Approach to the Cirrhotic Patient With Cramps
In patients with cirrhosis who present with muscle pain, a careful history should be obtained to differentiate cramps (spontaneous, chronic, and often nocturnal) from other causes of pain (Figure 2). In particular, new-onset persistent muscle pain should trigger consideration of other diagnoses such as rhabdomyolysis, myositis, or acute kidney injury for which laboratory tests to assess electrolytes and other parameters would be appropriate. A standardized cramp questionnaire may be useful to define the presence and severity of cramps and in assessing the effectiveness of treatments (Figure 3).11, 51 In those found to have cramps, consideration of etiologies other than cirrhosis should be contemplated (Table 2). Serum electrolyte concentrations are frequently measured and, when low, repleted. When cramps related to cirrhosis are present and are clinically significant, an attempt at treatment is reasonable. Although large controlled trials are lacking, the use of over-the-counter, inexpensive agents with favorable side effect profiles (branched-chain amino acids, taurine, and vitamin E) may be considered. Branched-chain amino acids and taurine may have the greatest potential benefit on the basis of effects on proposed mechanisms for cramps and on possible improvement in nutritional parameters. Other treatments as outlined previously are not currently recommended because of ineffectiveness, expense, and/or the risk of side effects.
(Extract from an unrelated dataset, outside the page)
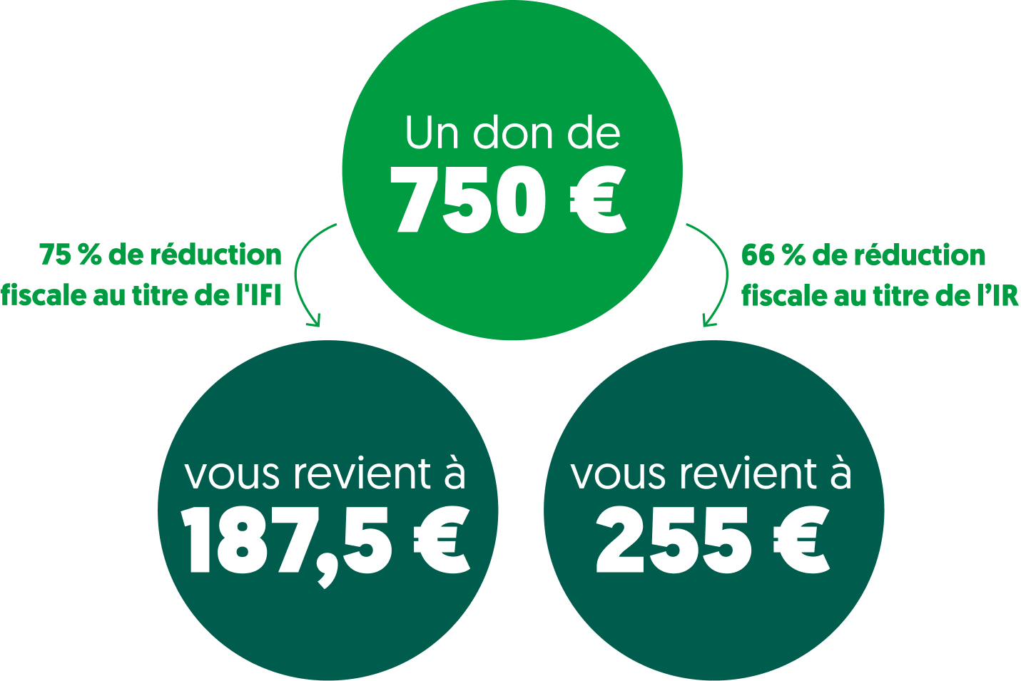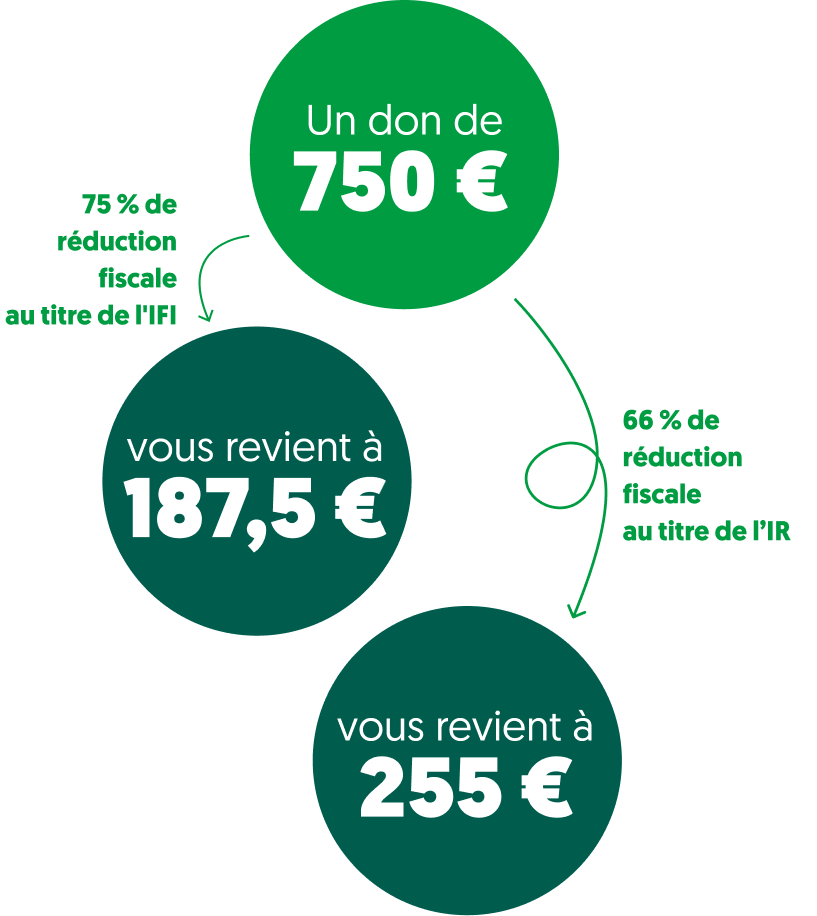 Par exemple, en donnant 1 000 € au titre de l’IFI, votre don vous reviendra à 250 € (75 % de réduction fiscale) et en donnant 1 000 € au titre de l’IR, il vous reviendra à 340 € (66 % de réduction fiscale).

Figure 2. Approach to the cirrhotic patient with cramps. CK, creatinine kinase; CRP, C-reactive protein; CQ, cramp questionnaire; EMG, electromyogram; ESR, erythrocyte sedimentation rate.
Figure 3. Cramp Questionnaire. Clinically significant cramp (frequency of cramps/week × severity of cramps) >12.
Muscle cramps in patients with liver disease are common and are associated with a negative impact on QOL. Although a number of mechanisms for cramps in liver disease have been postulated and have been targeted by medical therapies, a clear picture of the causal events has not emerged. Several agents have shown benefit in small uncontrolled studies, although large randomized controlled trials are lacking. Treatments such as branched-chain amino acids and taurine may have the greatest potential benefit because they target proposed mechanisms and may also improve nutritional status.